HITTLE: The crucial factor for the second half of 2020 is the rate of demand recovery. We saw the lowest point for the decline in demand during April, and since then, it has climbed steadily. With China ahead of the rest of the world in its response to the pandemic, it is leading the way in a slow return to growth next year.
Assuming another global economic shutdown on the scale of what we saw in the second quarter of this year is avoided, then we expect continued, gradual recovery throughout 2020 in most oil products, with the exception of jet fuel, which we estimate will take a few years to return to 2019 levels as passengers regain confidence in travel by jet.
With OPEC+ production cuts in place, and demand on a recovery trajectory, we see crude prices reaching an average of $52 a barrel for Brent in 2021.
Q: In mid-April, after OPEC and Russia had reached an agreement to cut production, you stated, “We expect the second half of 2020 to show an implied stock draw, in contrast to the record-breaking oversupply of the first half of 2020.” Do you still foresee a sustained pattern of inventory drawdown over the next six months?

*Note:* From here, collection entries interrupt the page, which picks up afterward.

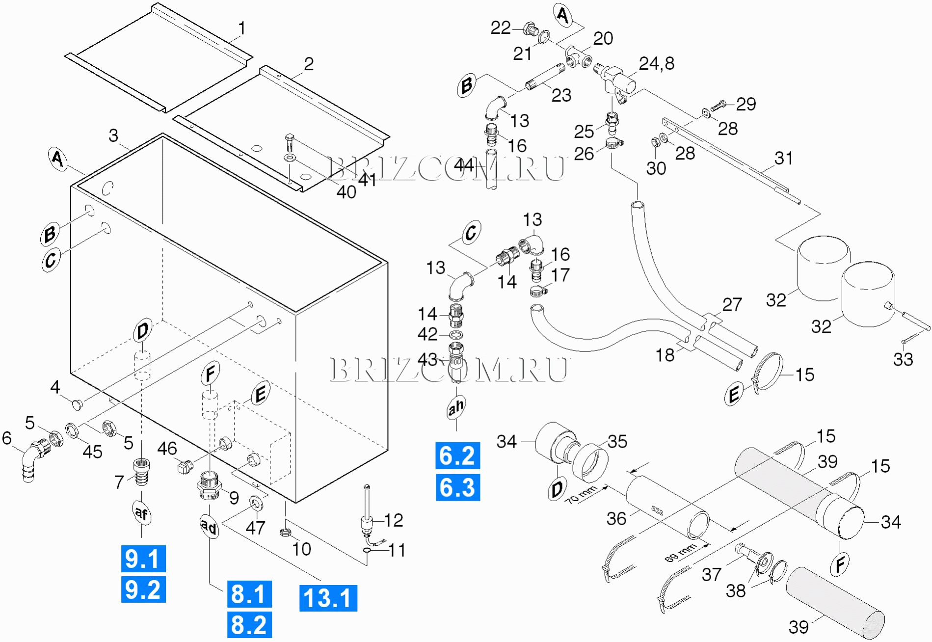 Поплавковый резервуар (0.172-500.0), взрыв-схема: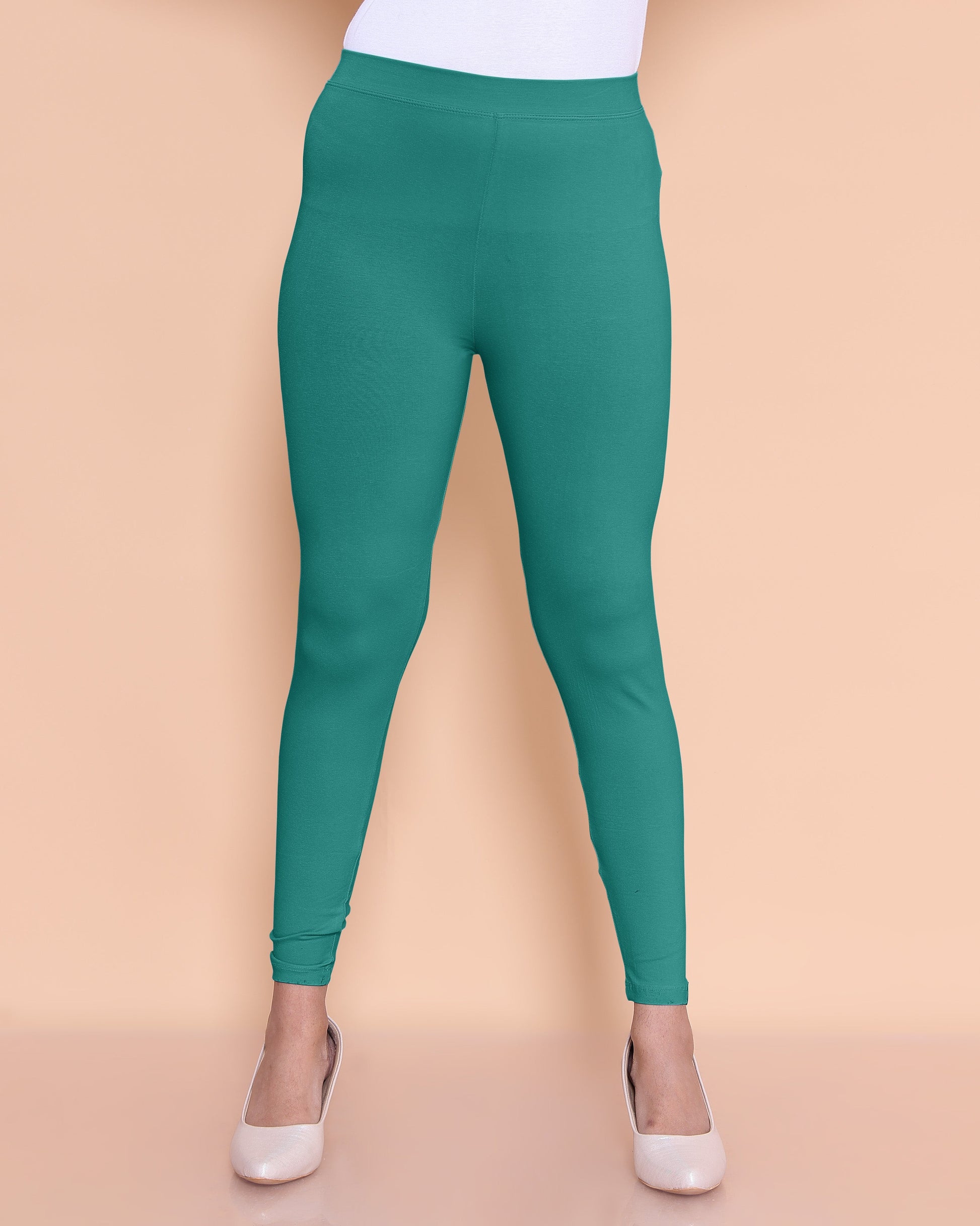 - Elevate your style with these comfortable peacock green ankle length women's leggings.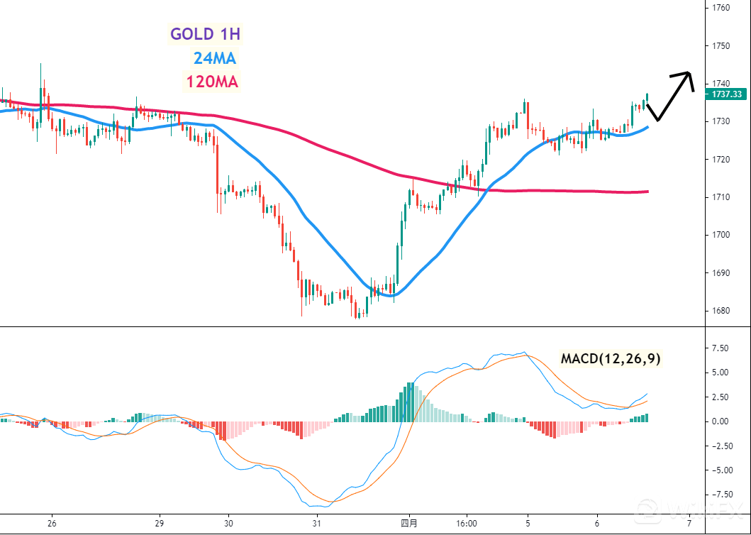 黄金(GOLD)一小时图 –24MA、120MA及MACD指标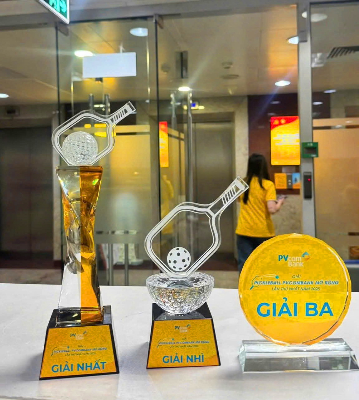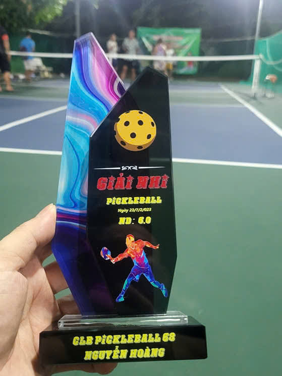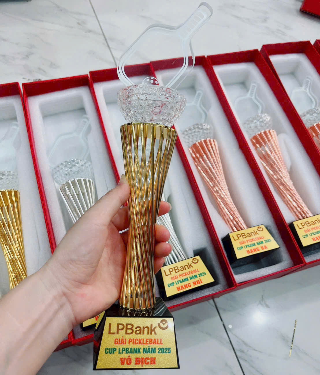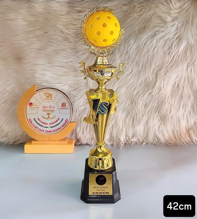 Chiếc cúp trong bộ môn Pickleball thường được trao cho những vận động viên xuất sắc tại các giải đấu, là biểu tượng cho sự vươn lên và chiến thắng.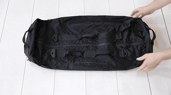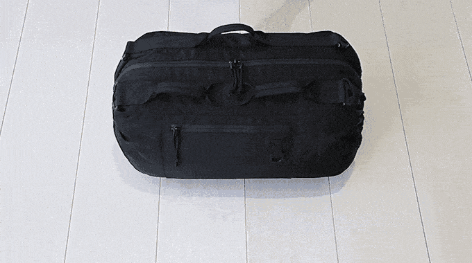 旅行先の目的地に到着すると、アジャスタブルバッグはデイバッグ用に小さく変形。
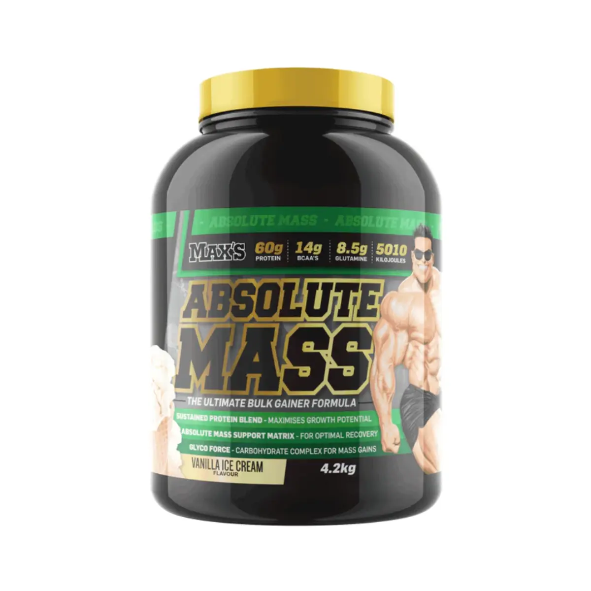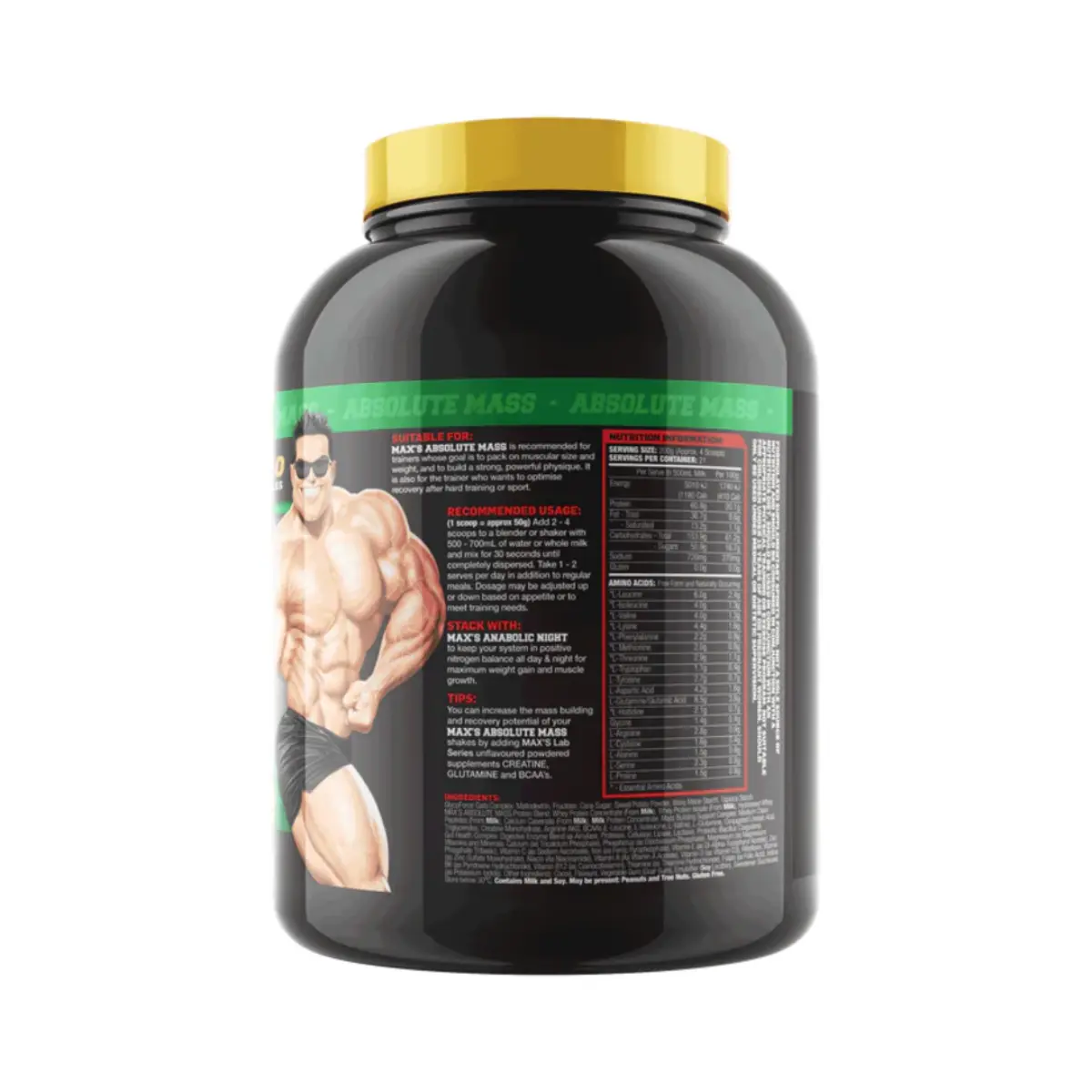 Max Absolute Mass Gainer will help you build impressive muscular size FAST. The secret to building Mass and Strength is training hard and heavy, plus making sure you get the right nutrition – including quality protein to grow muscle and healthy carbs and fats to fuel recovery and repair. You need a diet that provides these nutrients all day to help keep you growing, and that’s why Absolute MASS is so good. This fantastic formula combines our sustained release MASS Protein Blend, with our cutting edge carb blend, GlycoForce Carb Complex, to help keep you growing 24/7!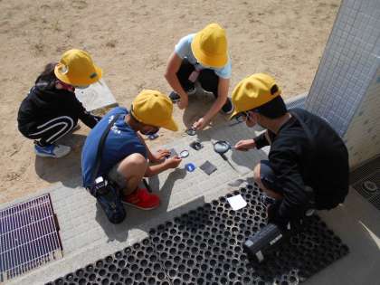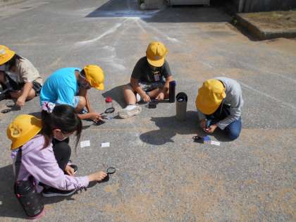 今日は、虫眼鏡を使って、日光を集める実験をしました。うまく焦点を合わせることができた子供からは、「煙が出た」「穴が開いた」などという声が聞かれました。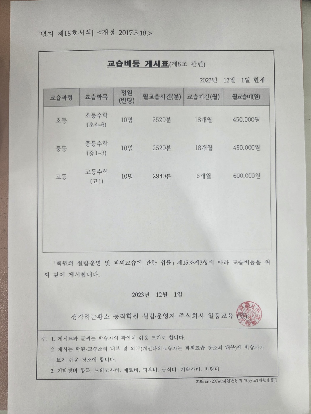 생각하는 황소 동대문 학원 정보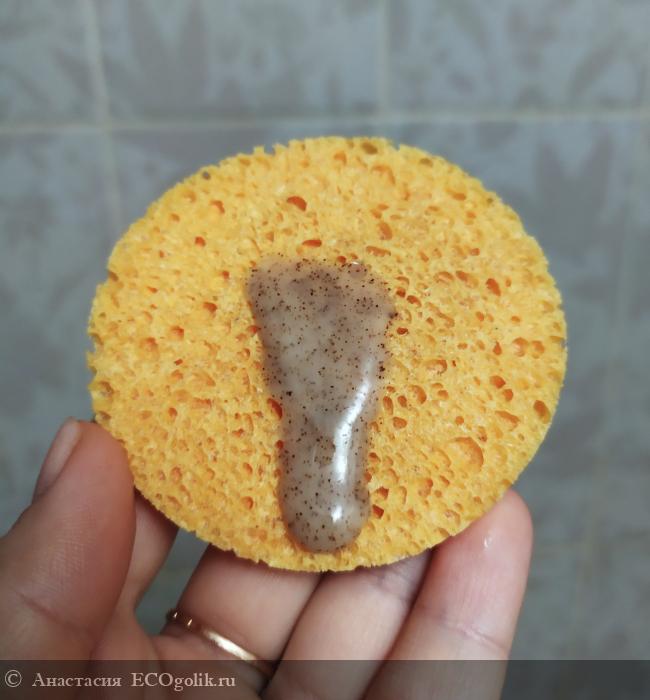 Часто использую с таким спонжем, но больше подойдет не такой, а резиновый, т.к. в отверстия частички проваливаются и никакого скрабирующего эффекта нет.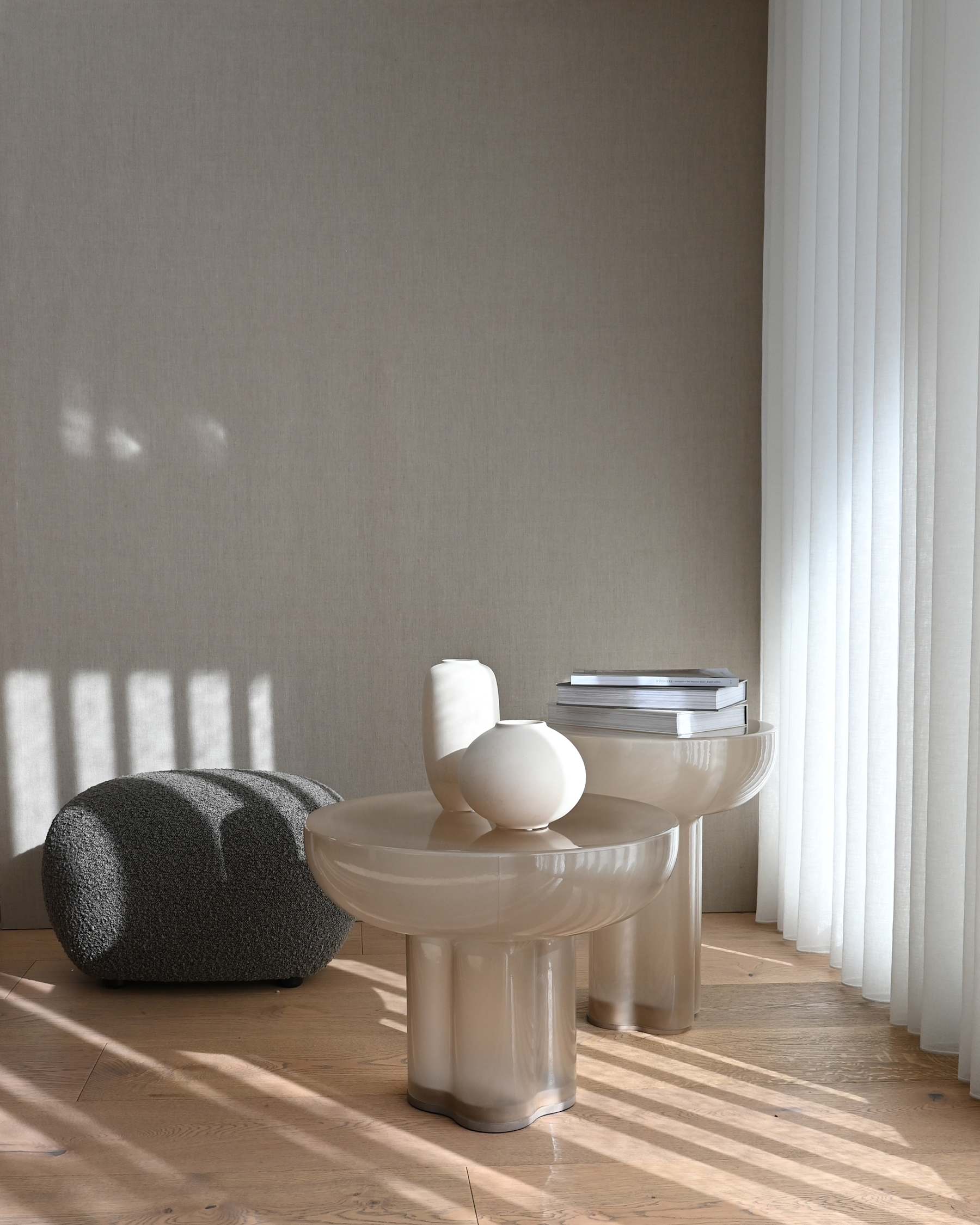 Voetenbank TOE grijs-bruin bouclé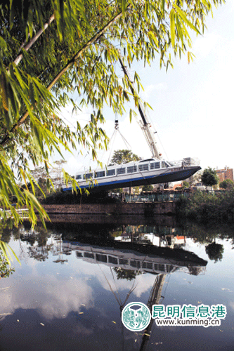 载着客船的挂车停靠在航运码头对面河边,此后吊车对客船进行起吊并放入大观河。两艘客船分别为滇华8号、9号。停放在货车上的客船,其白色的外观看上去很是气派。每艘船在起吊入水前,都会在船头燃放鞭炮。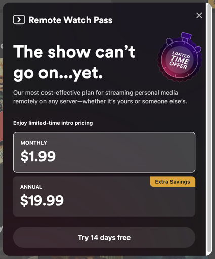 “Try our new Plex Pass Lifetime* Plus!”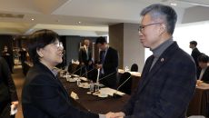 김택우 대한의사협회장과 인사 나누는 정은경 장관
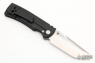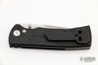 This Chaves Ultramar Redencion drop point features a satin finished blade with the Chaves logo. The handle is made up of black G-10 presentation side, black PVD coated titanium lockside, skull pocket clip (positioned for tip up carry), and matching titanium backspacer. Blade is centered when closed, and locks up with no play.  Includes the original box.  Excellent Condtion.

HITTLE: Yes, we do still expect an implied global stock draw for the second half of 2020. Already, world oil demand had gone from a sharp fall of 15 million bbl/d year-on-year during the COVID-related shutdown early in the second quarter to minus 5 MMbbl/d year-on-year by the end of the quarter. That is still a dramatic decline. But it also is 10 MMbbl/d more demand during the quarter. At the same time, OPEC+ producers are aspiring to reduce their output by 9.7 MMbbl/d and U.S. production is also down. U.S. lower-48 crude and condensate production fell 1.4 MMbbl/d from March to June.
Q: In April, with lockdown orders in place across the country, U.S. oil inventories increased by 47 million barrels–the largest monthly increase on record–and continued to climb to an all-time high by the end of May. How quickly might stocks be drawn down to within a normal range?
HITTLE: As high as stocks were this spring, a return of U.S. crude oil inventories to the five-year average likely will not be seen until the second half 2021. Commercial inventories are going to be impacted by crude oil temporarily stored in Strategic Petroleum Reserve sites returning to commercial inventories in the first half of 2021. Overall, the combination of significant rollover in lower-48 production, plus our current tight global market view, leads to a rough return to the five-year inventory average at some time in the second half of 2021.
Q: Global oil supply was outpacing consumption even before the COVID-19 shutdown. Analysts appear to be increasingly confident that the market has swung back into balance, and that demand now is running a little ahead of supply. How do you assess the supply-demand balance? What consuming sectors are leading the recovery?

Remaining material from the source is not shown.